Lung cancer is the leading cause of cancer-related deaths. Late diagnosis and inadequate therapies contribute to poor outcomes. MicroRNAs (miRNAs) are small non-coding RNAs and are involved in lung cancer development. Because miRNAs simultaneously regulate several cancer-related genes, they represent an interesting therapeutic approach for cancer treatment. We have developed Coated Cationic Lipid-nanoparticles entrapping miR-660 (CCL660) and intraperitoneally administered (1.5 mg/Kg) twice a week for four weeks into SCID mice carrying subcutaneously lung cancer Patients Derived Xenografts (PDXs). Obtained data demonstrated that miR-660 is down-regulated in lung cancer patients and that its replacement inhibited lung cancer growth by inhibiting the MDM2-P53 axis. Furthermore, systemic delivery of CCL660 increased miRNA levels in tumors and significantly reduced tumor growth in two different P53 wild-type PDXs without off-target effects. MiR-660 administration reduced cancer cells proliferation by inhibiting MDM2 and restoring P53 function and its downstream effectors such as p21. Interestingly, anti-tumoral effects of CCL660 also in P53 mutant PDXs but with a functional p21 pathway were observed. Stable miR-660 expression inhibited the capacity of H460 metastatic lung cancer cells to form lung nodules when injected intravenously into SCID mice suggesting a potential role of miR-660 in metastatic dissemination.

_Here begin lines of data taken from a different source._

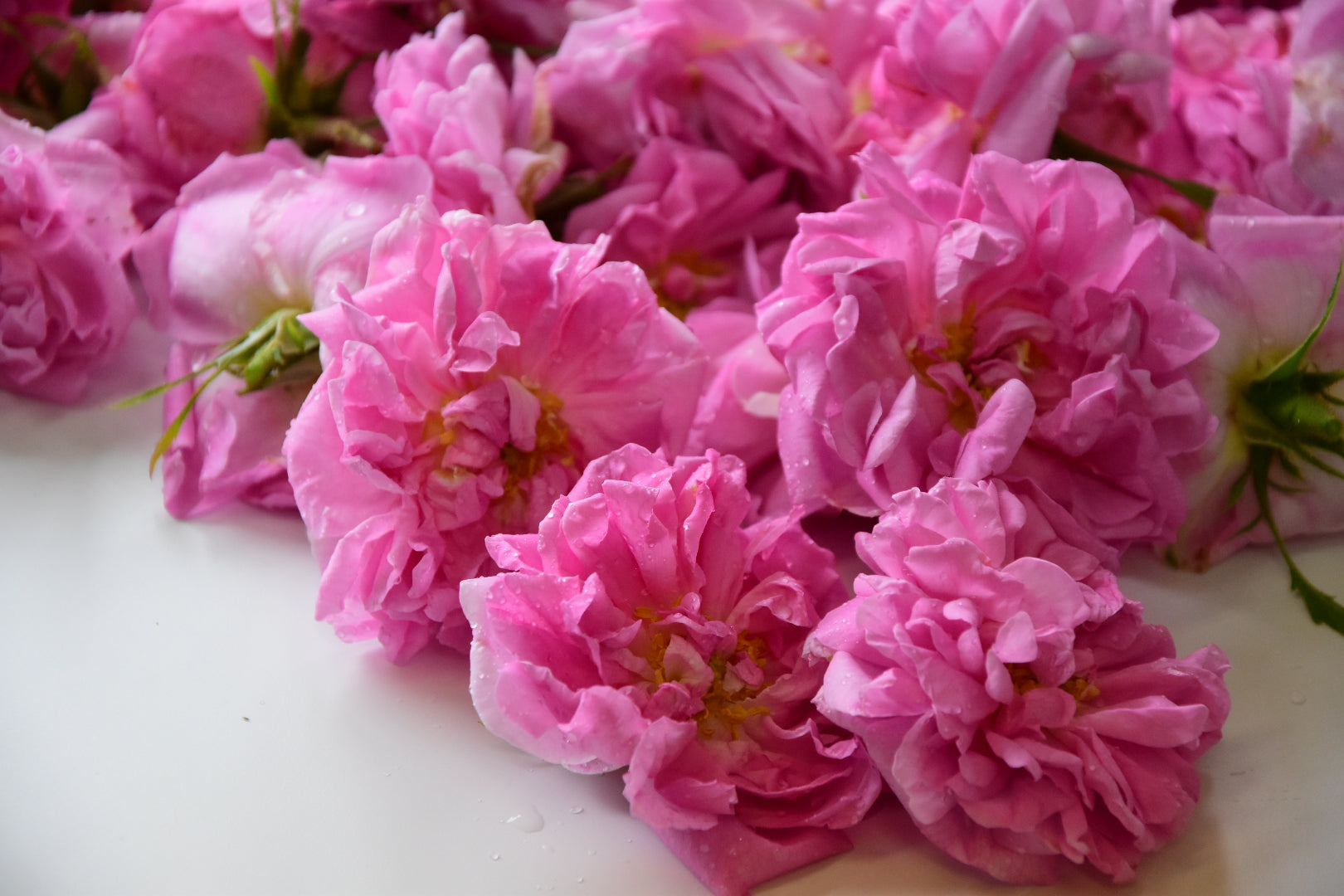 農薬や化学肥料を使わず育てたダマスクローズを中心に、
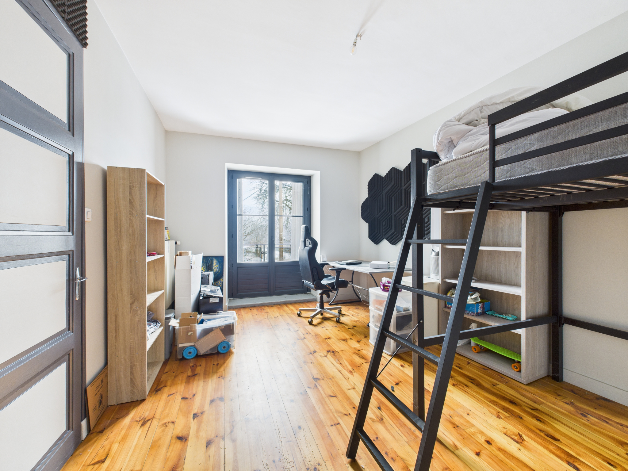 L'étage regroupe 4 grandes chambres (entre 15 et 20M2), un bureau, une pièce avec WC et Lave main dans laquelle on peut envisager la pose d'une douche.
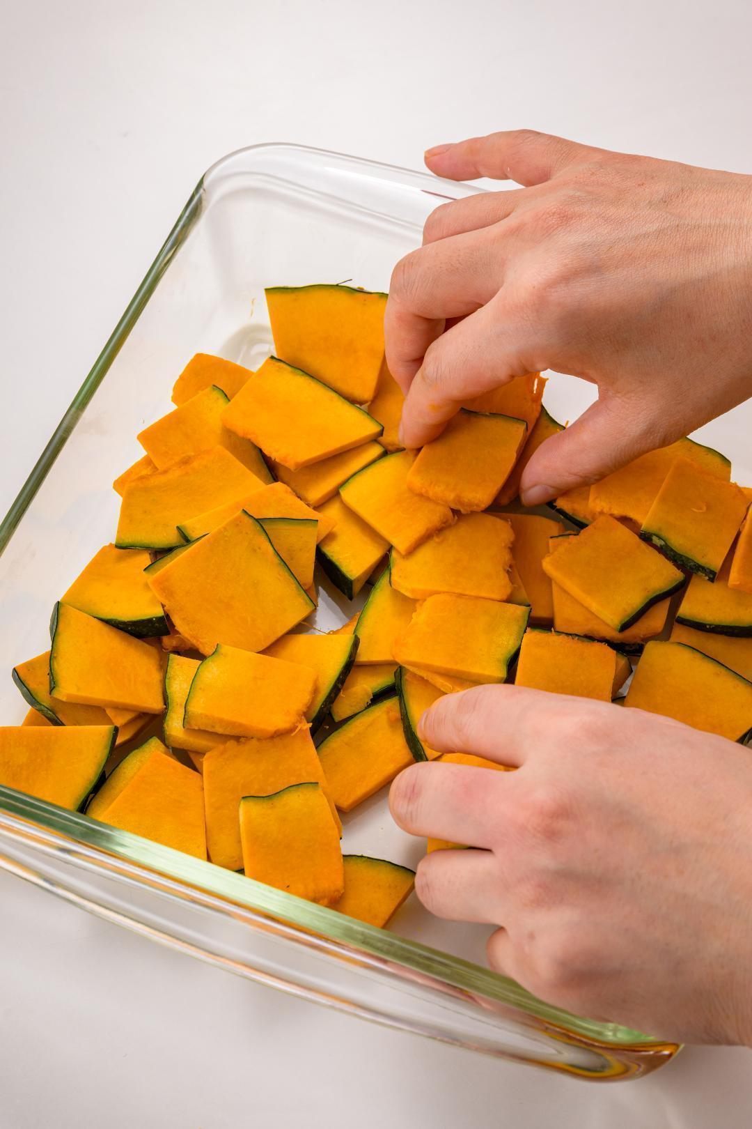 - 1かぼちゃは一口大に切ったあと、4mm幅の薄切りにし、耐熱容器に広げる。ふんわりとラップをし、電子レンジ(600W)で約4分半加熱する。
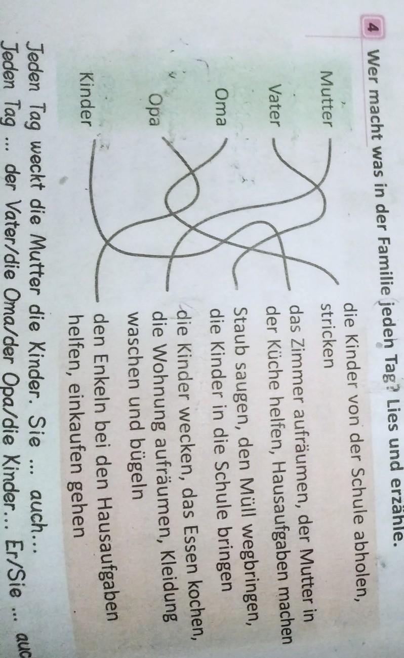 Jeden Tag weckt die Mutter die Kinder. Sie wascht und bügelt auch Kleidung, kocht das Essen und räumt die Wohnung auf. Jeden Tag hilft der Opa deb Enkeln bei den Hausaufgaben. Jeden Tag holt die Oma die Kinder von der Schule ab und stricht sie. Jeden Tag helfen die Kinder der Mutter in der Küche und räumen auch das Zimmer auf. Jeden Tag staubt der Vater Staub. Er bringt auch den Müll weg und bringt die Kinder in die Schule.
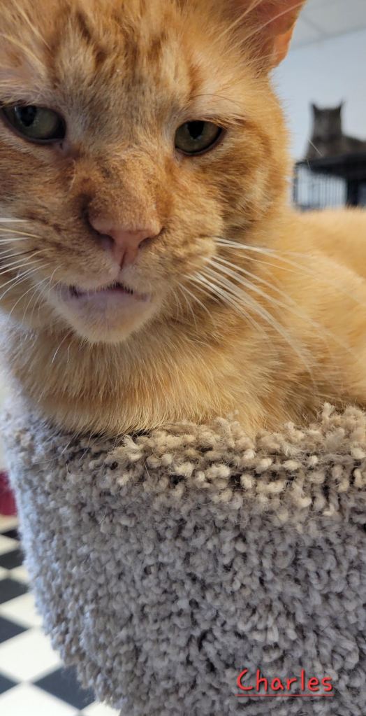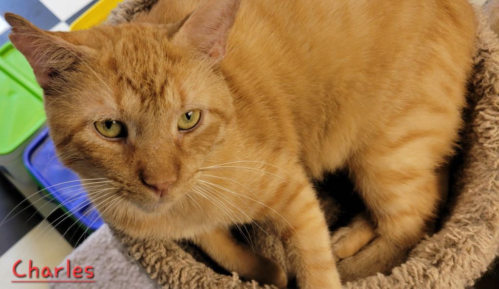 This big sweet guy is 3 years old. Charles likes brooms, specifically brooms in motion. If you want to sweep the floor, he’ll be glad to help you move the broom around. He also likes a good grooming session with one of his buddies. Charles is fiv+.
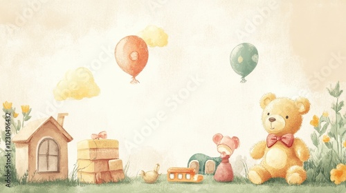 © NpicArt, Obraz premium Playful Teddy Bear Scene with Toys and Balloons
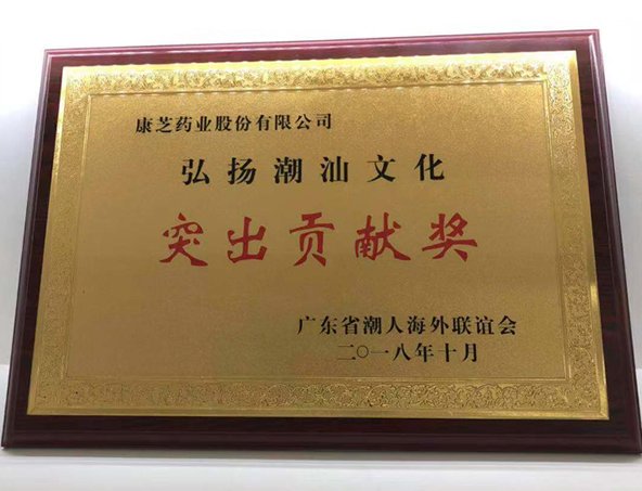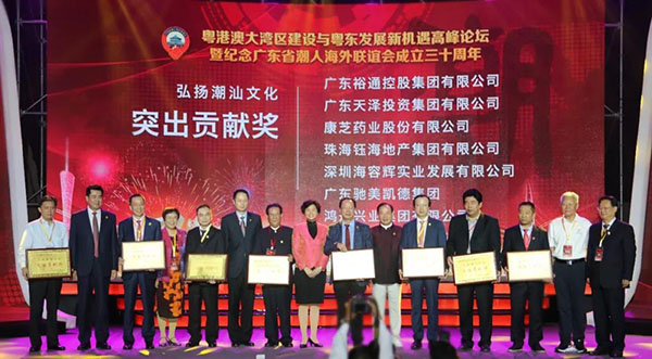 本次大會中,康芝藥業股份公司榮獲弘揚潮汕文化突出貢獻獎,廣東省潮人海外聯誼會名譽會長、康芝藥業董事長洪江游上臺領取了該獎項。

机译:肺癌是癌症相关死亡的主要原因。延迟诊断和疗法不足导致差的结果有助于差。 MicroRNA(miRNA)是小的非编码RNA,并且参与肺癌发育。因为miRNA同时调节了几种癌症相关的基因,所以它们代表了一种有趣的癌症治疗方法。我们已经开发了涂覆的阳离子脂质纳米粒子诱捕MIR-660(CCL660),并每周两次腹膜内施用(1.5mg / kg),进入携带皮下肺癌患者的SCID小鼠衍生的异种移植物(PDX)。获得的数据证明MIR-660在肺癌患者中下调,并通过抑制MDM2-P53轴来抑制肺癌生长。此外,CCL660的全身递送增加了肿瘤的miRNA水平,并在没有偏离目标效果的情况下显着降低了两种不同P53野生型PDX的肿瘤生长。 MIR-660通过抑制MDM2和恢复P53功能及其下游效应,例如P21,降低癌细胞增殖降低。有趣的是,CCL660的抗肿瘤作用也在P53突变体PDX中,但具有功能性P21途径。稳定的miR-660表达抑制H460转移性肺癌细胞的能力,以形成肺结节,当静脉内注射到SCID小鼠中,表明miR-660在转移性筛选中的潜在作用。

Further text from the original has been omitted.